The priorities will be the following: research and development, low carbon economy, digital agenda, and small- and medium-size enterprises. The amount of EU co-funding for SMEs will double in 2014-2020 in comparison with the Multiannual Financial Framework of 2007-2013.
This means no more easy money from Brussels for infrastructure projects, although this does not mean that Brussels will completely stop co-financing road construction in the Baltics or other less developed regions of the EU. Money for road construction and new roads would need to be tied, for example, to boosting small- and medium-sized business or connecting research centers.
“It is good to have highways, but it is also good to have something to transport on the highways,” Hahn said, emphasizing that the European Commission prefers to support SMEs.

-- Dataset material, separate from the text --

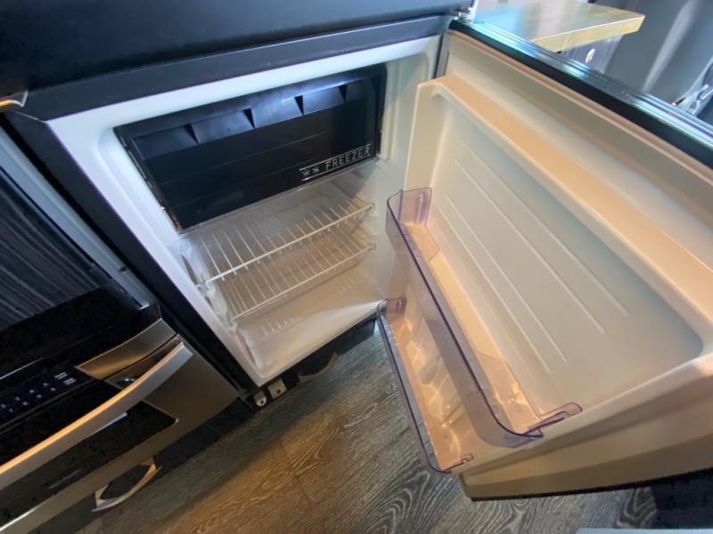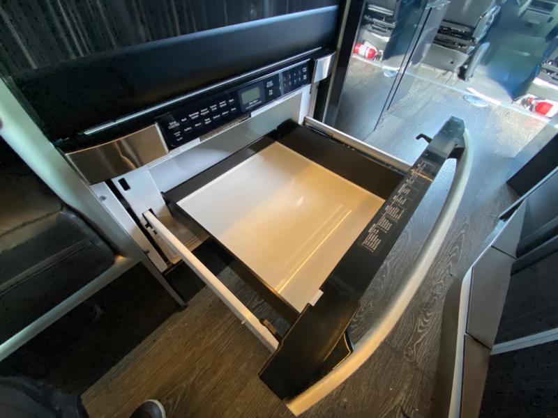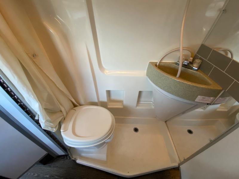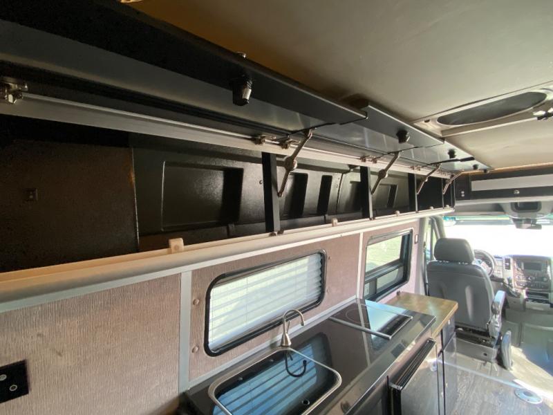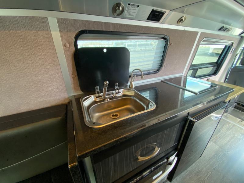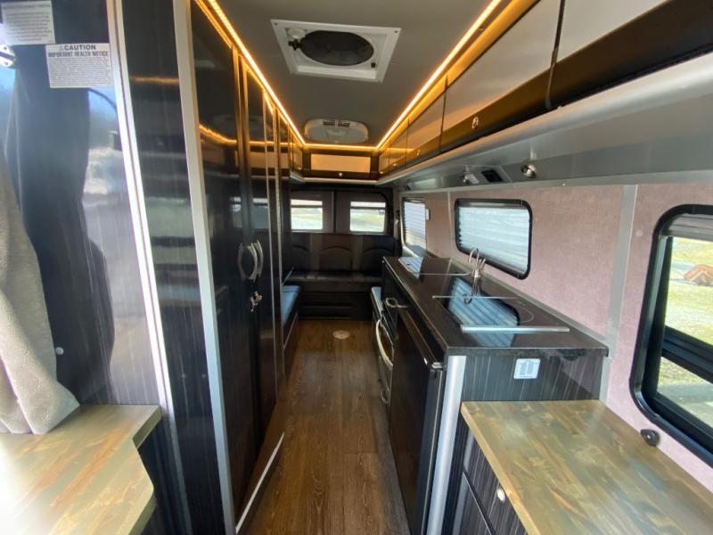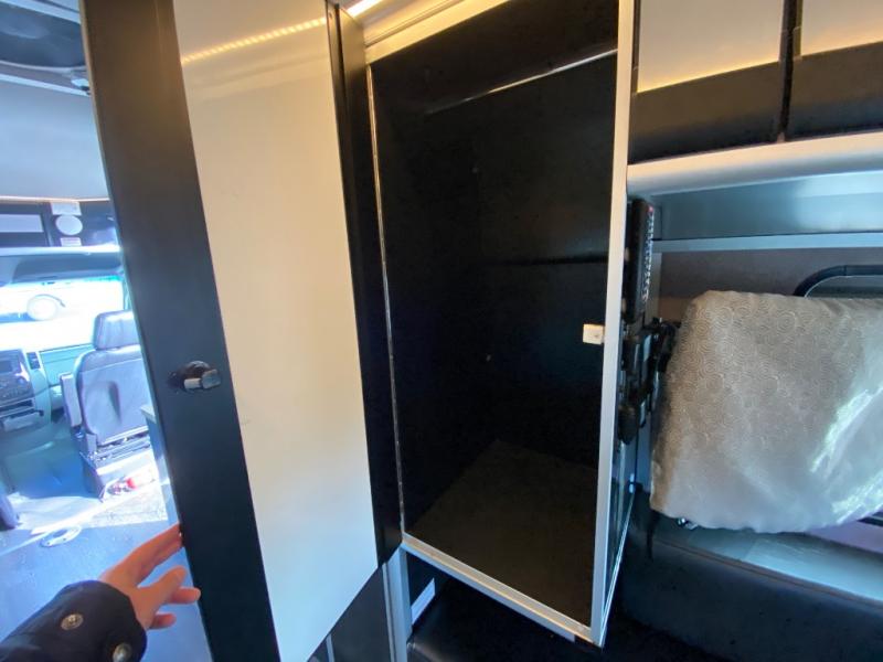Along the passenger side of the van there is an enclosed toilet and sink. Continuing to the back there is a wardrobe. The driver's side of the coach features a single burner stove top, refrigerator, optional microwave, and single bowl sink, and more.

“We have 23 million SMEs around Europe. If each SME would employ at least one employee, there would be no unemployment in Europe,” Hahn said. He added that from 2014-2020, more EU aid will come in the form of loans, not subsidies.

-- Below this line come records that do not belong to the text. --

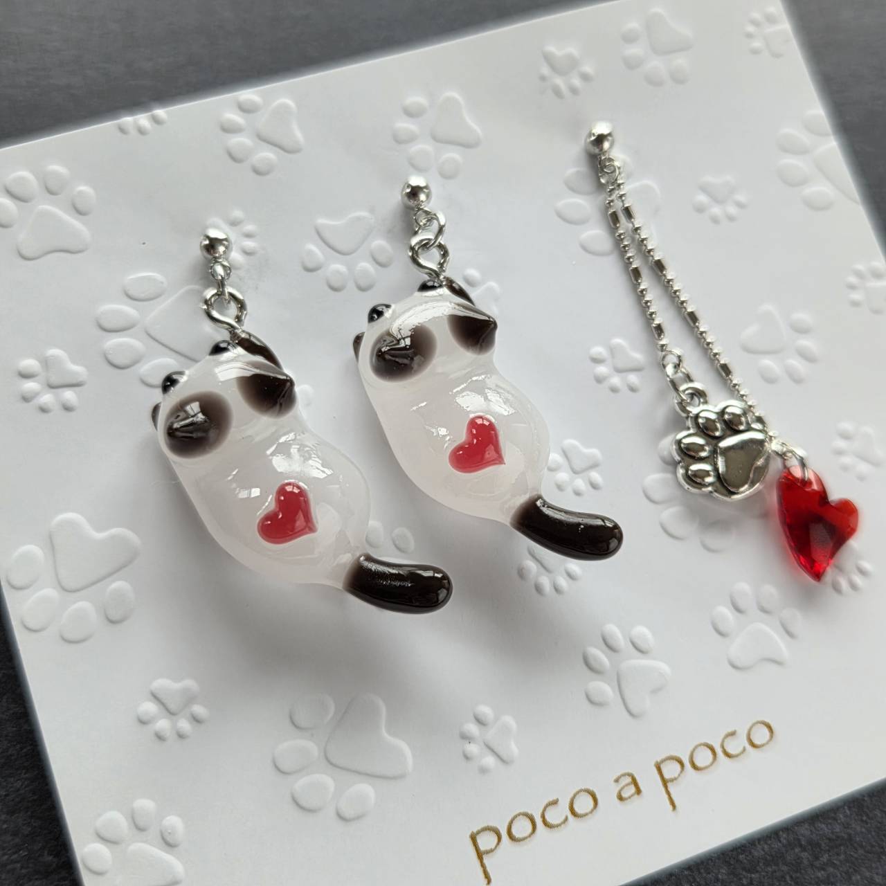 【受注販売】ピアス❉シルバー❉お鼻のブチ無し!ぷっくり赤いハートを纏ったシャム猫2匹とハートと肉球のチャーム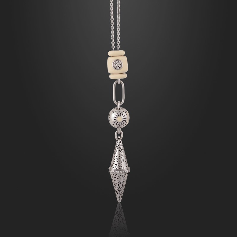 catena in oro bianco e lucchetto in smalto beige da cui pendono sfera e coni sovrapposti traforati con brillanti, gr. 28,6.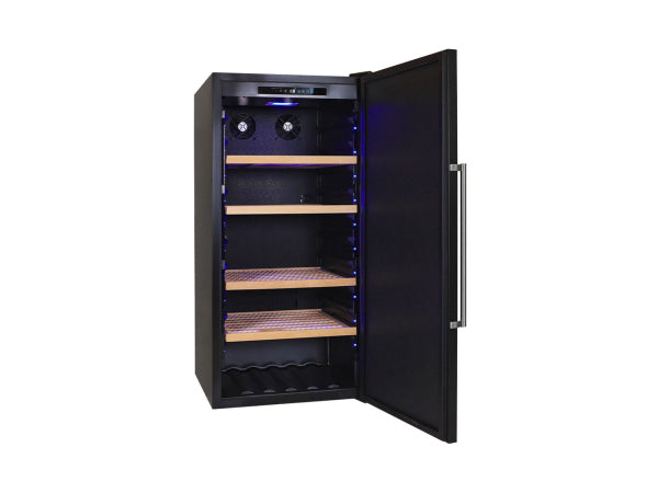 Der Weinklimaschrank der Traditionsmarke Bodega bietet Platz für 165 75 cl Flaschen. Dank seiner modernen und schlichten Optik peppt er jeden Keller – bzw. Weinkeller im Nu auf. Die schwarze Glastür mit energieeffizientem Glas spart nebst der Energie auch den Geldbeutel. , , Die vier Holzregale bieten dem edelsten Tropfen ein neues sicheres Zuhause, so dass der Wein optimal horizontal gelagert wird. Die Holzregale können je nach Bedarf unterschiedlich positioniert werden. Zudem bietet der Boden Platz für 4-6 Flaschen.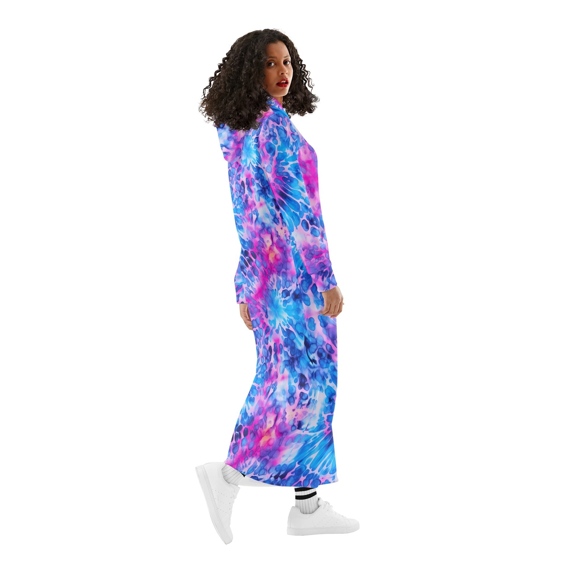 Dieses bequeme und leichte lange Hoodie-Kleid mit einer lebendigen Farbexplosion bringt gute Laune in jeden Tag.

The Netherlands as well as Sweden and the UK argued for the EU aid to be earmarked only for poor countries. They stated that it makes no sense to operate a system where rich countries send money to Brussels, which sends it back to them with certain conditions regarding co-financing. Indeed, France would probably be able to finance its island of Mayotte (north of Madagascar) without the involvement of Brussels. However, France and other countries, which are donors to the cohesion policy, decided to preserve the status quo, agreeing to a reduction of only eight percent in comparison to the period of 2007-2013, in the total amount for the next seven-year funding. In 2007-2013, only 51.6 percent of funds were earmarked for the so-called new member states (those which joined the EU in 2004 and later). This percentage will be similar in the next seven-year period.
Since Lithuania joined the EU in 2004, this new member state got more than eight billion euros into its economy. Some 80 percent of the EU’s co-funding went to support the general economic infrastructure and 20 percent went to develop human resources.

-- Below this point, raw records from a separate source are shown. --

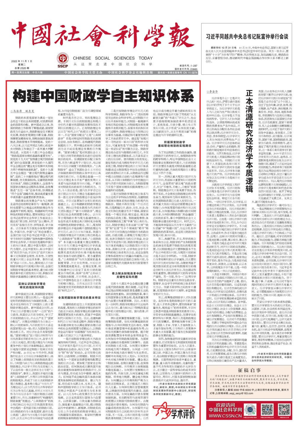 11月1日,由中央财经大学党委副书记、副校长马海涛教授,中国财政发展协同创新中心副主任姚东旻教授共同撰写的文章《构建中国财政学自主知识体系》在《中国社会科学报》2022年11月1日头版头条刊发。全文如下: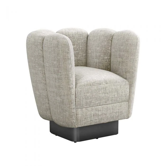 Offered in a range of luxe fabrics, the plush Gallery Swivel Chair makes a glamorous, Art Deco-inspired statement.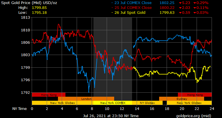 Trên thị trường vàng thế giới, giá vàng giao ngay chốt phiên đêm qua tại Mỹ giảm 4,7 USD xuống 1.797,5 USD/ounce. Sang phiên châu Á sáng nay, giá vàng hồi phục và áp sát 1.800 USD/ounce.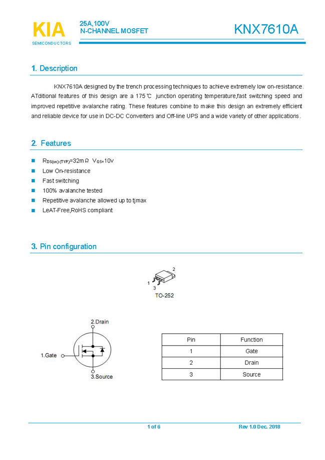 參數: ID(A): 25 BVDSS(V): 100 RDS(ON): 32mΩ Qg(nC): 55 Package: TO-252

Since 2004, Lithuania’s GDP has grown by around 1.5 percent more per year than it would have without the EU structural funds from the cohesion policy, according to Ricardas Malinauskas, president of the Lithuanian Association of Local Authorities, a constant participant at the Open Days and the mayor of Druskininkai. This spa resort is known for its Snow Arena. It is among the top five indoor ski slopes in the world. The arena was built in 2011 and the total cost of the construction was 29 million euros (40 percent of this sum came from EU structural funds).
“Lithuania would have already collapsed if it were not for EU aid,” Ausra Maldeikiene, economics professor and famous critic of Lithuania’s non-social solidarity-oriented (and, therefore, not sustainable, according to her) economic model forcing hundreds of thousands of Lithuanians to leave for other European countries, said during an
open lecture at Vilnius University
on Oct. 11. She said that the Lithuanian economy survives only due to Germany’s money, which is sent to Lithuania via the EU cohesion policy.
The green accents in the EU’s cohesion agenda will allow Lithuania to build more boilers for centralized heating systems in Lithuanian towns, which would use biofuels instead of gas imported from Russia. However, the real alternative to Gazprom gas will be the LNG import terminal in the harbor at Klaipeda, which is expected to start functioning by the end of 2014.
The Lithuanian government may hope to receive some EU financing for the terminal construction (although the biggest blow to Gazprom could be the investment by the U.S. company Chevron into shale gas exploration in Lithuania, but on Oct. 8 some environmental and taxation-related hysteria from the ruling Social Democrats, and some of their coalition colleagues from the Order and Justice Party, forced Chevron to pull out from this investment. Nonetheless, some hopes still exist regarding future shale gas exploration in Lithuania).